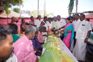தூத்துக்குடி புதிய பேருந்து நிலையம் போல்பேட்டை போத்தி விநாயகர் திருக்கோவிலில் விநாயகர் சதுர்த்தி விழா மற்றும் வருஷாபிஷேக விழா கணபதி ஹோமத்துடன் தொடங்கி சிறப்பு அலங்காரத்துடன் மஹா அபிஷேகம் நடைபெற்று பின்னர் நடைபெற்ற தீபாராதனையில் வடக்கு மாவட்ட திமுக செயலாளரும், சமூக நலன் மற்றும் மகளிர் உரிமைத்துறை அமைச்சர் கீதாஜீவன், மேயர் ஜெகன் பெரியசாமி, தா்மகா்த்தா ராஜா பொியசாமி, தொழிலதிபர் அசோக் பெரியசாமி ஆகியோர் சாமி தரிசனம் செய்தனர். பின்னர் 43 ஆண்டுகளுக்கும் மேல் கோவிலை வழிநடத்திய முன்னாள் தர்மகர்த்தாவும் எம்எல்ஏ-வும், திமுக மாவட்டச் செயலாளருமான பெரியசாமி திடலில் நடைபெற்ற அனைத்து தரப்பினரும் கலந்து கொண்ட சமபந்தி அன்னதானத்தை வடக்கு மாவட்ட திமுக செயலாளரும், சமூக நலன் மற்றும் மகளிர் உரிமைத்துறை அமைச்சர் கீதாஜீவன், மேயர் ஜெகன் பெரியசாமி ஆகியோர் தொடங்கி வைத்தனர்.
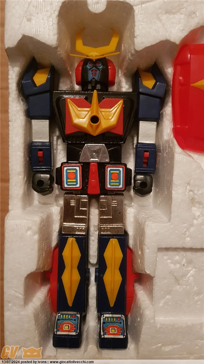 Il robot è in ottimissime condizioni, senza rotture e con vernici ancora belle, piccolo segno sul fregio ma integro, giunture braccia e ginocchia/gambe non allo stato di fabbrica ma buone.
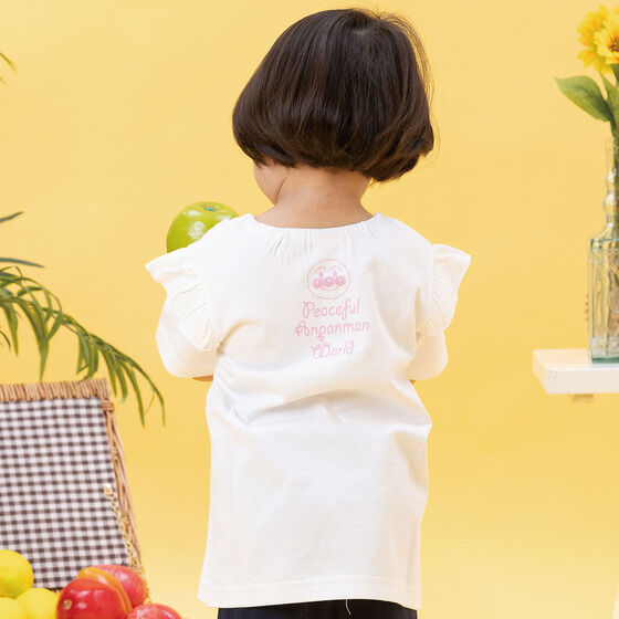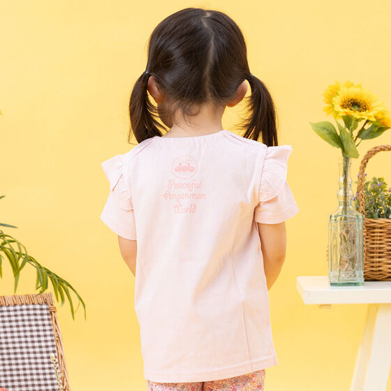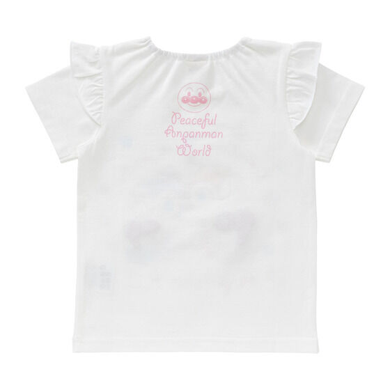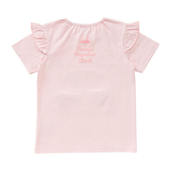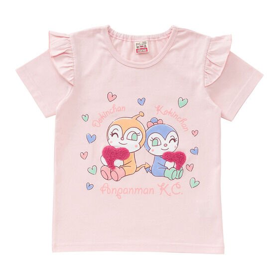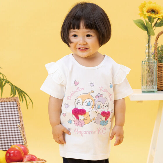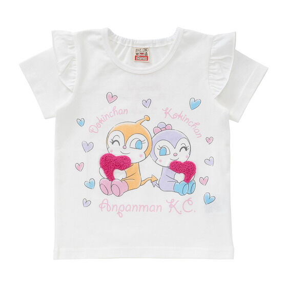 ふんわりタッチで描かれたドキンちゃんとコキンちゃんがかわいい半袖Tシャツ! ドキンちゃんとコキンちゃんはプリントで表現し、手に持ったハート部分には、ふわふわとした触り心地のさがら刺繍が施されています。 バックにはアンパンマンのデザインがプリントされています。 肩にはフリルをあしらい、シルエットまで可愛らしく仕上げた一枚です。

========

TASK TO COMPLETE
With the pictures removed, copy the data above word for word.

SOLUTION TO THE EXERCISE
தூத்துக்குடி புதிய பேருந்து நிலையம் போல்பேட்டை போத்தி விநாயகர் திருக்கோவிலில் விநாயகர் சதுர்த்தி விழா மற்றும் வருஷாபிஷேக விழா கணபதி ஹோமத்துடன் தொடங்கி சிறப்பு அலங்காரத்துடன் மஹா அபிஷேகம் நடைபெற்று பின்னர் நடைபெற்ற தீபாராதனையில் வடக்கு மாவட்ட திமுக செயலாளரும், சமூக நலன் மற்றும் மகளிர் உரிமைத்துறை அமைச்சர் கீதாஜீவன், மேயர் ஜெகன் பெரியசாமி, தா்மகா்த்தா ராஜா பொியசாமி, தொழிலதிபர் அசோக் பெரியசாமி ஆகியோர் சாமி தரிசனம் செய்தனர். பின்னர் 43 ஆண்டுகளுக்கும் மேல் கோவிலை வழிநடத்திய முன்னாள் தர்மகர்த்தாவும் எம்எல்ஏ-வும், திமுக மாவட்டச் செயலாளருமான பெரியசாமி திடலில் நடைபெற்ற அனைத்து தரப்பினரும் கலந்து கொண்ட சமபந்தி அன்னதானத்தை வடக்கு மாவட்ட திமுக செயலாளரும், சமூக நலன் மற்றும் மகளிர் உரிமைத்துறை அமைச்சர் கீதாஜீவன், மேயர் ஜெகன் பெரியசாமி ஆகியோர் தொடங்கி வைத்தனர்.
 Il robot è in ottimissime condizioni, senza rotture e con vernici ancora belle, piccolo segno sul fregio ma integro, giunture braccia e ginocchia/gambe non allo stato di fabbrica ma buone.
 ふんわりタッチで描かれたドキンちゃんとコキンちゃんがかわいい半袖Tシャツ! ドキンちゃんとコキンちゃんはプリントで表現し、手に持ったハート部分には、ふわふわとした触り心地のさがら刺繍が施されています。 バックにはアンパンマンのデザインがプリントされています。 肩にはフリルをあしらい、シルエットまで可愛らしく仕上げた一枚です。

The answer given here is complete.